The CMU project is profoundly connected to the EU’s ambitions in the areas of Sustainable Finance and transition of the economy towards carbon-neutrality as well as the overall importance of ESG factors in investment activities and wider corporate social responsibility. A flourishing CMU shall not be achieved in a regulatory vacuum.

EK remains a supporter of the EU Taxonomy. EK is thoroughly committed to an ambitious climate policy and supports a firm implementation of the global Paris agreement 1,5 C target. The path towards a carbon-neutral economy in the Nordic region illustrates that high climate ambitions, based on market-based instruments and the right regulatory framework, are crucial components of a modern business policy and economic growth. Carbon-pricing instruments, such as the EU ETS, must remain a key part of EU’s objective of a climate-neutral economy by 2050.

We are grateful that the Commission is consulting the market participants widely via the Consultation of the Renewed Sustainable Finance Strategy which aims to provide the policy tools to ensure the financial system genuinely supports the transition of the industry towards sustainability in a context of recovery.

However, we are concerned that constant regulatory changes or the viable possibility of such changes in the field of company law and company reporting are forming a de facto competitive disadvantage for European companies. In general, there are too much proposals to revisit pieces of legislation that has been in force just very short time. SHRD II and NFRD to name a few. For example, in addition, we have reservations regarding the current regulatory ambitions of the Commission regarding introducing a mandatory (supply chain) due diligence framework for companies.

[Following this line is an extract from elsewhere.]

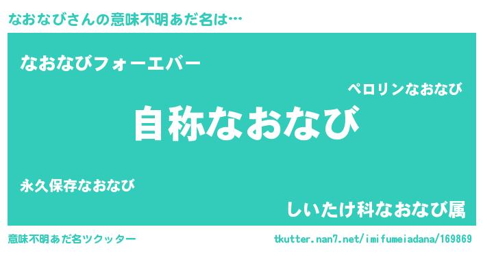 | 男性向けラノベタイトル風あだ名 | 『Re:なおなびから始める異世界生活』 |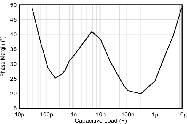 还有一种解决方案适用于不需要额外的补偿电路,或者添加补偿电路不可行的情况。德州仪器的OPA994 器件系列具有一个在整个容性负载范围内都保持稳定的特殊补偿结构,这是可以实现的,因为当输出看到不同的容性负载时,器件的带宽会发生变化。保持带宽始终低于输出阻抗和容性负载引入的极点,将保持放大器的稳定性,无论您在输出端放置了什么电容器。图 5 展示了在不使用外部补偿电阻器的情况下,不同负载电容值对应的相位裕度,该图取自 OPA994 数据表。

The ESAs conducted a thorough studies last year and found very little if any evidence on the so called “undue short-termism” in capital market practices. It would help to have a clearer picture about what is our problem in order to assess how to repair it if something is broken. Despite the ESAs consulted market participants widely last year, the consultation on the Renewed Strategy offers very limited if any evidence on the alleged problems regarding company law and capital markets.

Concluding remarks

Companies that orient themselves around a long-term time horizon while also delivering against short-term objectives have been shown to outperform their peers on several key business measures, including revenue, earnings, economic profit, market capitalization and job creation. Corporate purpose is now the focus of a fundamental and heated international academic debate. However, academic debate is normal and much needed. Restless regulatory environment is a disadvantage.

Company law forms a backbone of well-functioning capital markets and competition, and therefore, the market economy itself. The main fundamental legal rules governing how corporates are administered cannot be under constant change.